Many people chose to invest their money in real estate hoping for a return on their invested capital. Real estate is a popular investing tool because it has many advantages. A few being; monthly cash fl0w, tax shelter and leverage to name a few. Every investment comes with risk and real estate has its own set of risks. Some things to take into account when investing in real estate are the different types of risk associated. These are; management risk, inflation risk and financial risk.

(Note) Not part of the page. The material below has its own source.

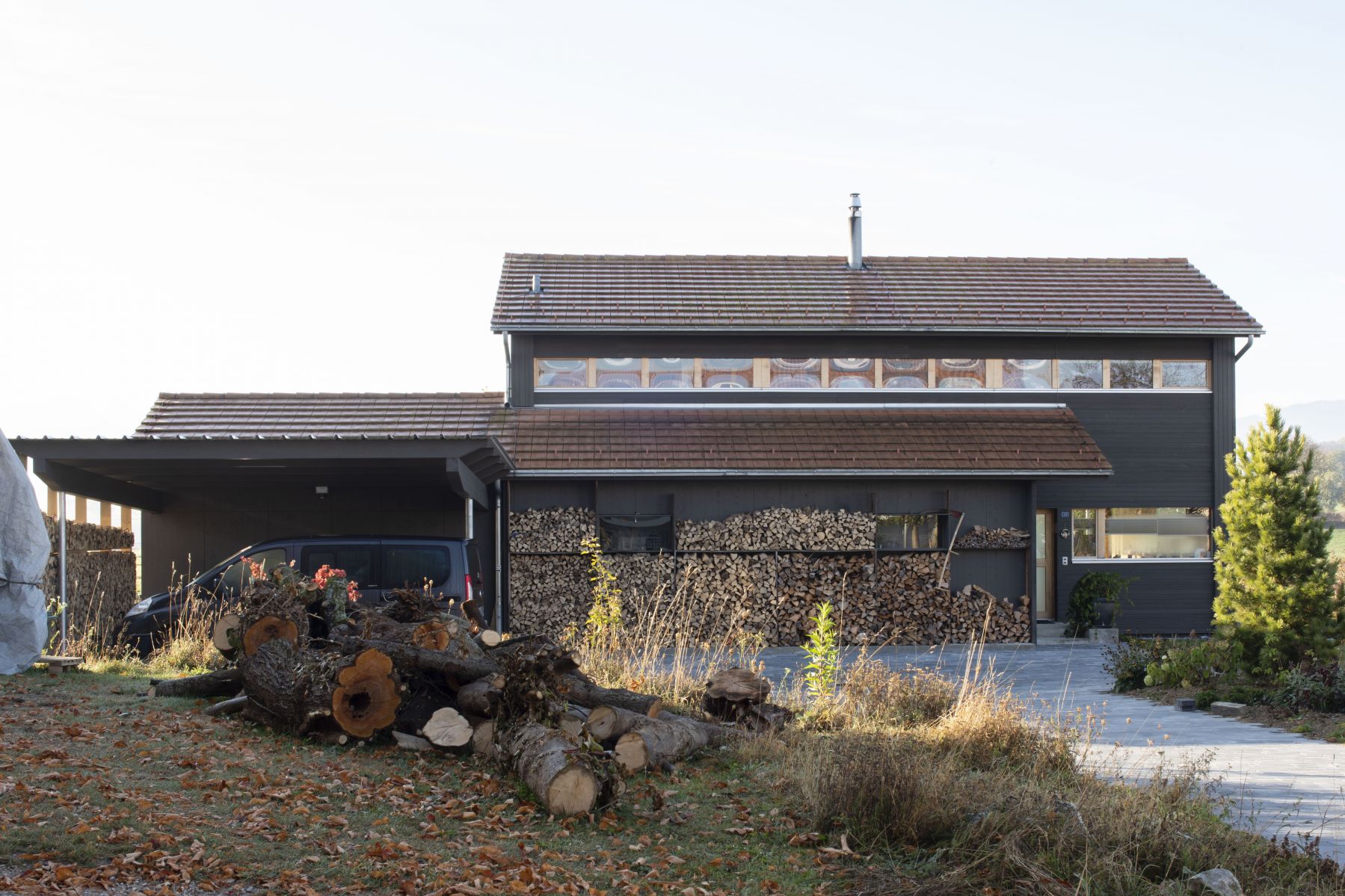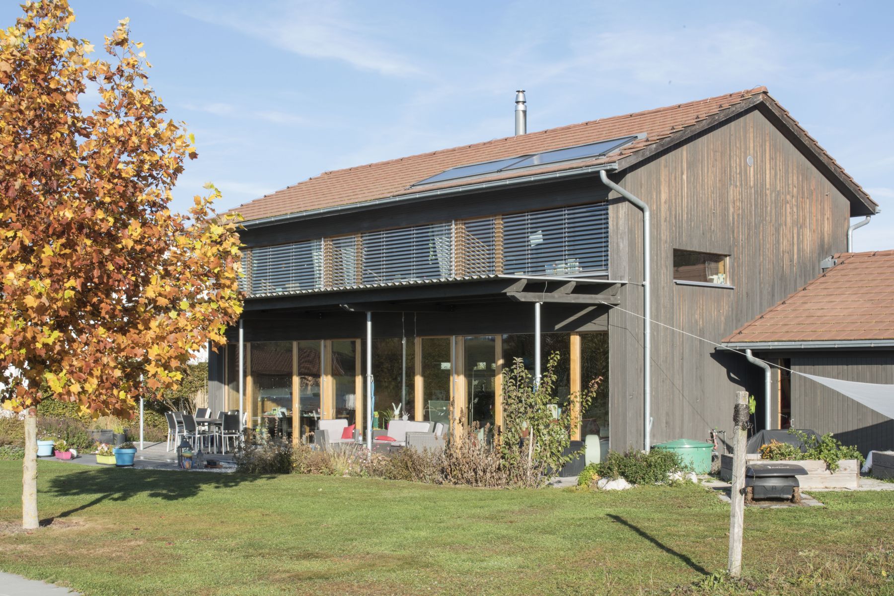 Certificat Minergie FR-360; chauffage avec fourneau en pierre ollaire, capteurs solaires.

Monthly cash flow is very attractive to many people looking to invest in real estate. As our textbook states “cash flow is generally an important benefit to most real estate investors” (Diaz & Hanz pg 234). Not all properties have the ability to generate great cash flows. When looking to invest in real estate for monthly cash flows the best market to look into is multi family and warehouse properties. For these have better potential to give larger monthly cash flows. The definition of cash flow is “the excess of cash revenues over cash outlays in a give period of time (not including non-cash expenses)” www.wordnetweb.princeton.edu. A cash flow is what money is left over after paying the debt service, which is the mortgage and interest expense on the loan. Other expenses and factors that need to be taken into account are vacancy and credit loss and operating expenses. What most investors should include in their cash flow account is a reserve account. Many serious investors have such an account which helps pay for improvements and replacements. Real estate is a depreciating asset, which means that often appliances and parts of the house need to be kept up or replaced frequently. Accounting for replacements is very important because it represents the true value of money left in the investor’s pocket.
Investing in real estate also offers tax shelter, our assigned reading puts it best “ Tax shelter is a reduction usually mortgage interest and tax depreciation for real estate investments, in taxable investment income.” ( Daiz & Hanz pg. 237). This gives real estate investors another advantage when putting their money into investment properties. Real estate allows investors to get deductions in taxation and mortgage interest. When an investor gets mortgage interest deduction he dose not have to pay taxes on the interest that he pays on the debt service. Taxation depreciation is considered to be the only true deduction because the investor does not have to pay taxes on the yearly depreciation amount. A real estate investor is able to deprecate the improvements on the land, which in most cases is the building.
A very unique aspect of real estate investing is leverage. Which is “borrowing money to finance the purchase of assets.” http://biztaxlaw.about.com. This quote from an online blog simply explains how leveraging works. An investor is able to borrow a large amount of money relatively easily and be able to create a monthly cash flow. The investor must be able to calculate whether or not the investment will have a good spread in order to get the highest return. A spread is “the difference between the return on the underlying assets and the cost of borrowed funds” ( Diaz & Hanz pg.241).
Along with all the great benefits that are associated with investing in real estate there are great risks that need to be accounted for and assessed before spending any money on an investment. For many investors who have multi family properties, managers are utilized to collect rents checks and maintain the property. Since real estate is very people oriented the investor must chose a reliable manager in order to mitigate manager risk. For if he chooses the wrong manager the investor runs the risk of receiving “ subpar managerial performance in turn lowering the investor’s expected return” (Diaz & Hanz pg. 232). Fees are attached to hiring manager but for some investors these fees are warranted.
For the short term investor inflation risk is important to look out for. Inflation risk is “ the risk that the purchasing power of the investment incomes and values does not keep up with the cost of other goods and services” ( Diaz & Hanz) pg. 233). In other words a property that does not generate enough income to stay ahead of inflation will fall victim to inflation risk. If an investor finds them self in a property that is not staying ahead of inflation they must shed this asset as quickly as possible.
Another serious risk that investors must look out for is the financial risk. The financial risk is when an investor has a shortcoming in cash flow due to vacancies or sub market rents. Causing the investor to not be able to make his debt service payments. This is very dangerous for an investor for if he does not pay his debt service on time he can lose the asset and mar his credit score.
Sources:
Murray, Jean. "What Is Leverage - Leverage Definition." Small Business Law - Filing Business Taxes - Taxes and Legal Issues for U.S. Small Business. Biztaxlaw.about.com, 12 Sept. 2006. Web. 22 Mar. 2011.
Www.wordnetweb.princeton.edu. 13 Mar. 2009. Web. 19 Mar. 2011.
Diaz, Julian, and J. Andrew Hanz. Real Estate Analysis Environments and Activities. Dubuque: Kendall Hunt Pub, 2010. Print.